WORK TO COMPLETE: Write out the lines below exactly, beginning at the one with "Auf Empfehlung von" and stopping after the one with "Drape multiple evergreen"; the pictures are not copied.

RECORDS PROVIDED:
___

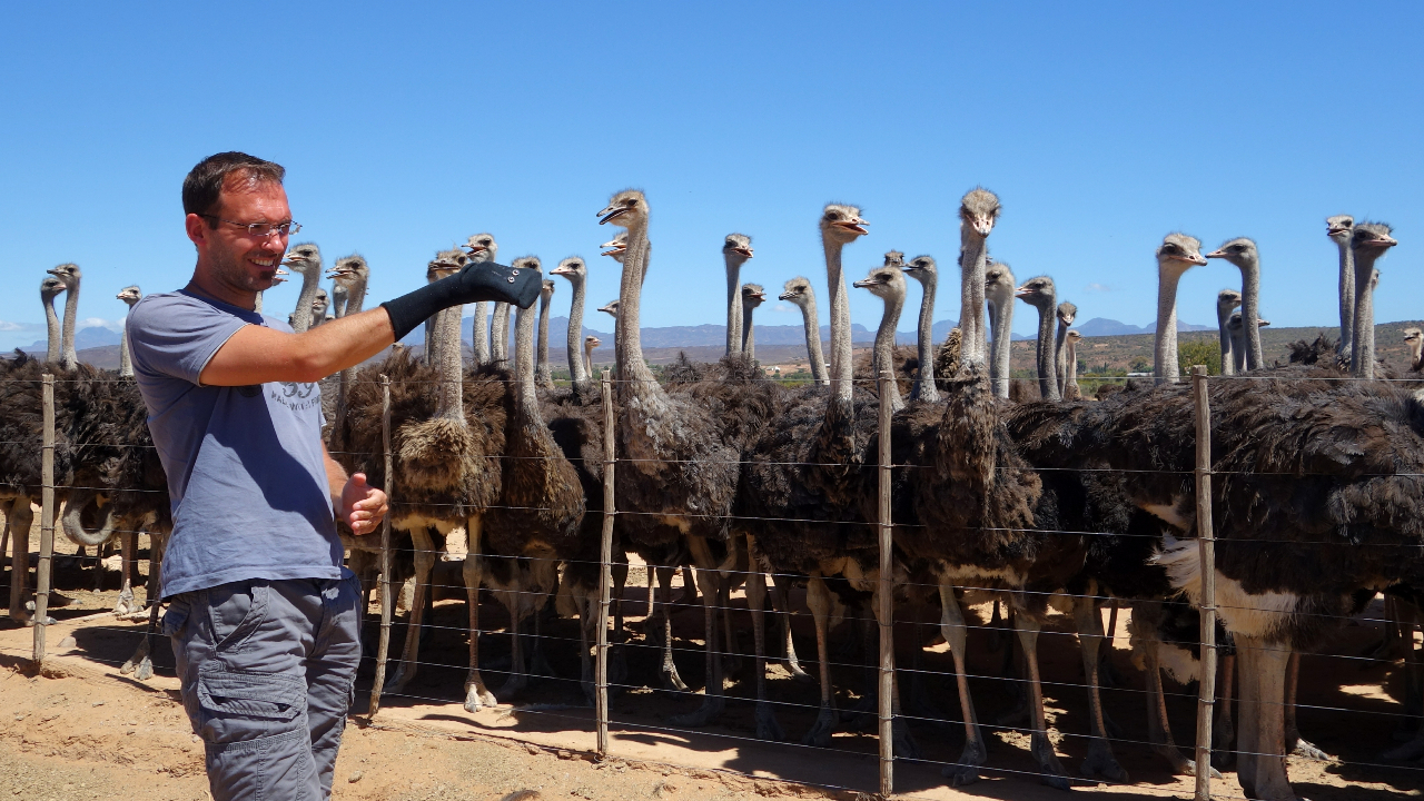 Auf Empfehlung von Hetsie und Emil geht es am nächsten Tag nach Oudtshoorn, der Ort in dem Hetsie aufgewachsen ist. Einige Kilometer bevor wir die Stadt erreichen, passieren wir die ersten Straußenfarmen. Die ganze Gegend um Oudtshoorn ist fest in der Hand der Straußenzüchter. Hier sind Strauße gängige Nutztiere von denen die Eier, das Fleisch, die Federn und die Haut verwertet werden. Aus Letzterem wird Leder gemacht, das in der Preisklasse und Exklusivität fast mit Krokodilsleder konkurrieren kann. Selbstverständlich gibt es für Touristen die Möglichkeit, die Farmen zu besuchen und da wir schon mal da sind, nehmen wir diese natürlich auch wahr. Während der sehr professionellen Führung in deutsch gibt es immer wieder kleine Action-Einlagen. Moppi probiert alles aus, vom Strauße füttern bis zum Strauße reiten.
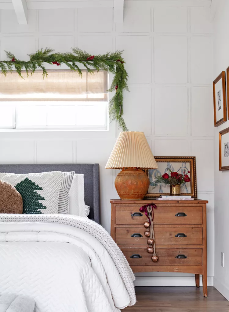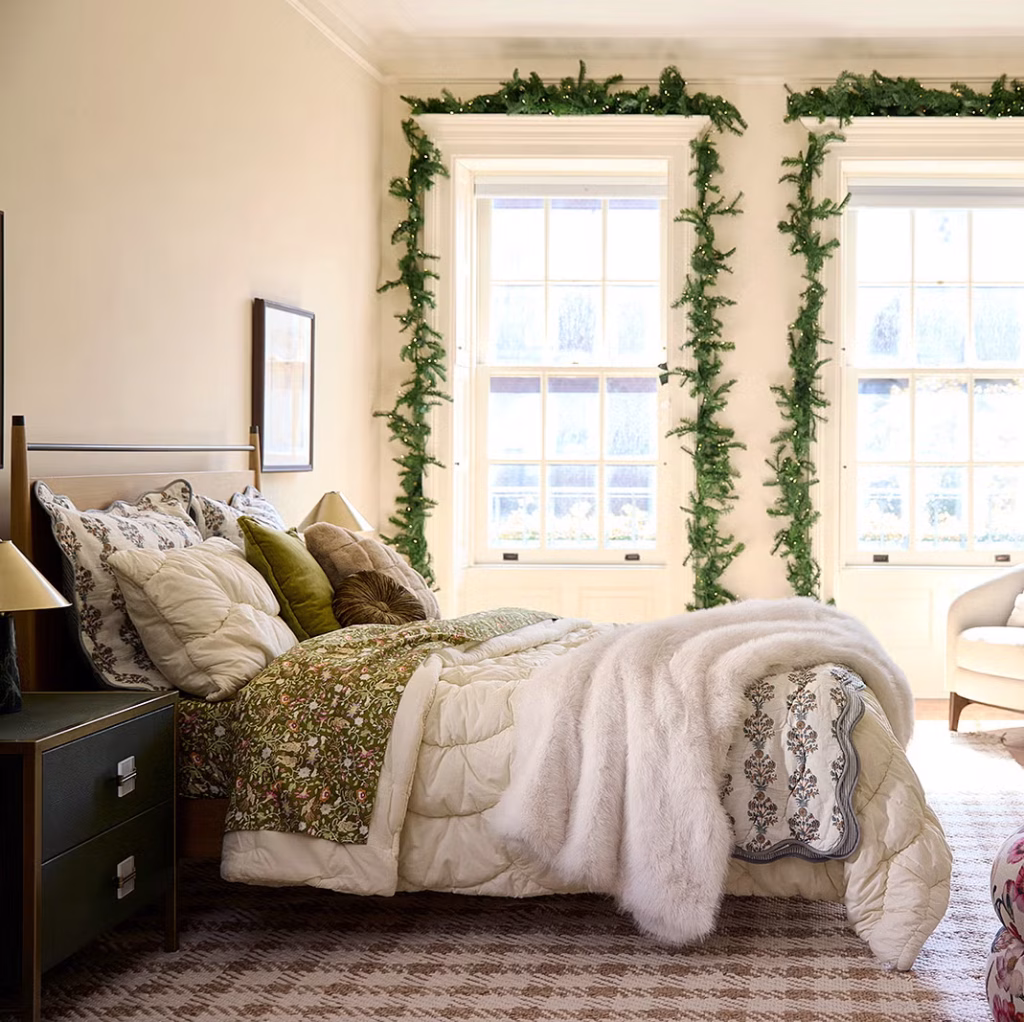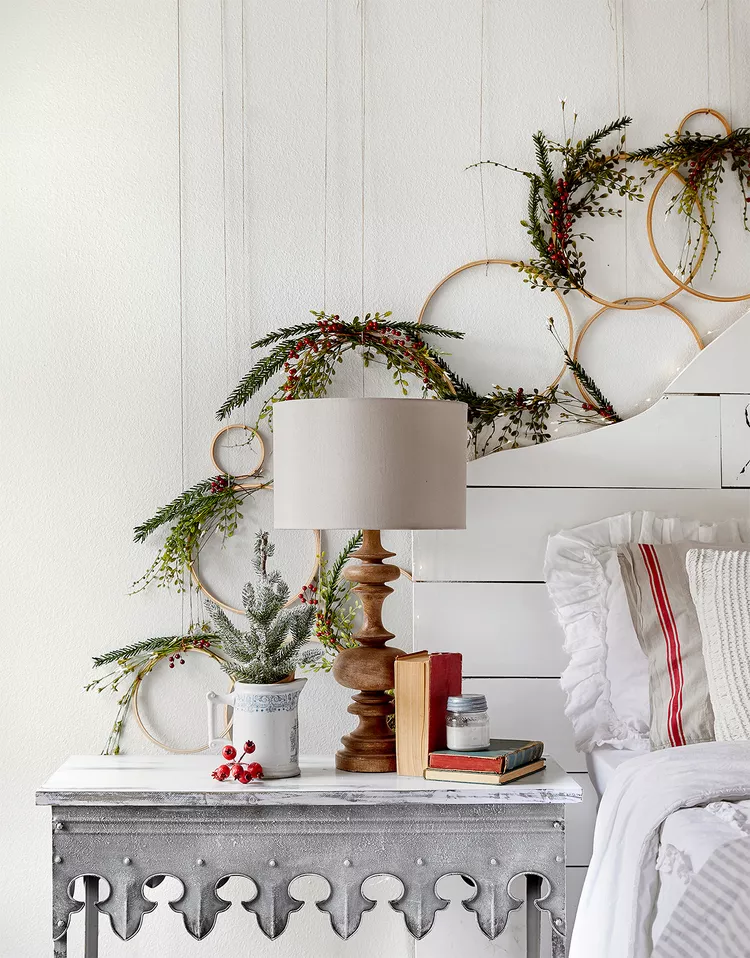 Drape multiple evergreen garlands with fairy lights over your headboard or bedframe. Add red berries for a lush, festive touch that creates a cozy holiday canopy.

___

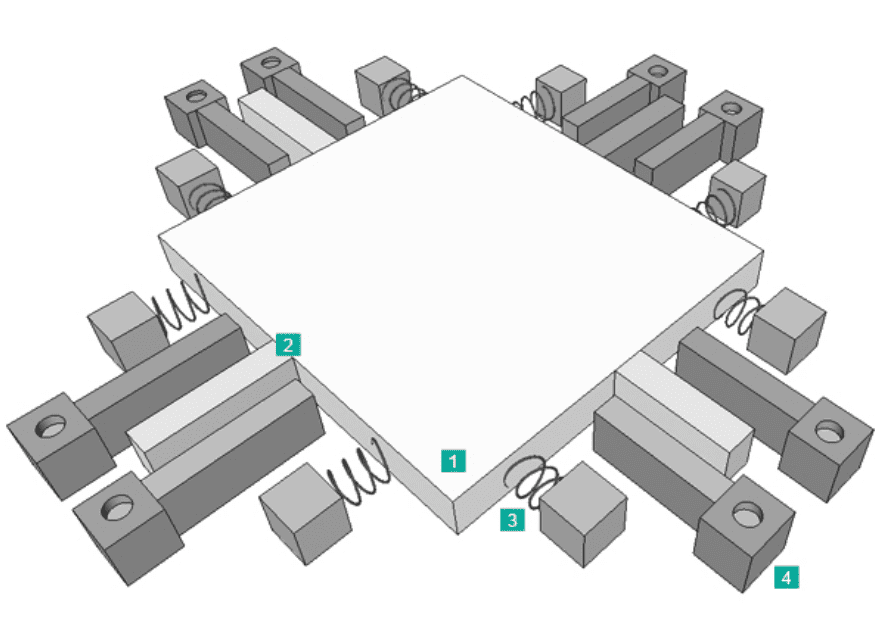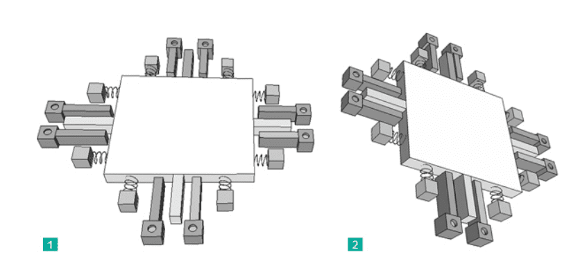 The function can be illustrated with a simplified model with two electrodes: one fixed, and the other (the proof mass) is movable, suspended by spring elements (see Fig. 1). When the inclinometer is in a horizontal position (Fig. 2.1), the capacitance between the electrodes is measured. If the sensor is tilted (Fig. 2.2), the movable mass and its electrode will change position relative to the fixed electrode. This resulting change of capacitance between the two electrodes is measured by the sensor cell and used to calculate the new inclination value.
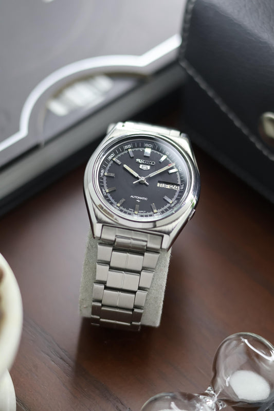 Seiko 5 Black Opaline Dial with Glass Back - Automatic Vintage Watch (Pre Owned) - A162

___

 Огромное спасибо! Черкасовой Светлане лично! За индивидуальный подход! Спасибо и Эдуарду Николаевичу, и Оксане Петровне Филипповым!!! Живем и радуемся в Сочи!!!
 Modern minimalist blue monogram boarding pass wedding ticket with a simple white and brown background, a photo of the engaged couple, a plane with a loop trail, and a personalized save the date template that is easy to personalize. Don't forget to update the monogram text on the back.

___

ANSWER FOR THIS EXERCISE:
 Auf Empfehlung von Hetsie und Emil geht es am nächsten Tag nach Oudtshoorn, der Ort in dem Hetsie aufgewachsen ist. Einige Kilometer bevor wir die Stadt erreichen, passieren wir die ersten Straußenfarmen. Die ganze Gegend um Oudtshoorn ist fest in der Hand der Straußenzüchter. Hier sind Strauße gängige Nutztiere von denen die Eier, das Fleisch, die Federn und die Haut verwertet werden. Aus Letzterem wird Leder gemacht, das in der Preisklasse und Exklusivität fast mit Krokodilsleder konkurrieren kann. Selbstverständlich gibt es für Touristen die Möglichkeit, die Farmen zu besuchen und da wir schon mal da sind, nehmen wir diese natürlich auch wahr. Während der sehr professionellen Führung in deutsch gibt es immer wieder kleine Action-Einlagen. Moppi probiert alles aus, vom Strauße füttern bis zum Strauße reiten.
 Drape multiple evergreen garlands with fairy lights over your headboard or bedframe. Add red berries for a lush, festive touch that creates a cozy holiday canopy.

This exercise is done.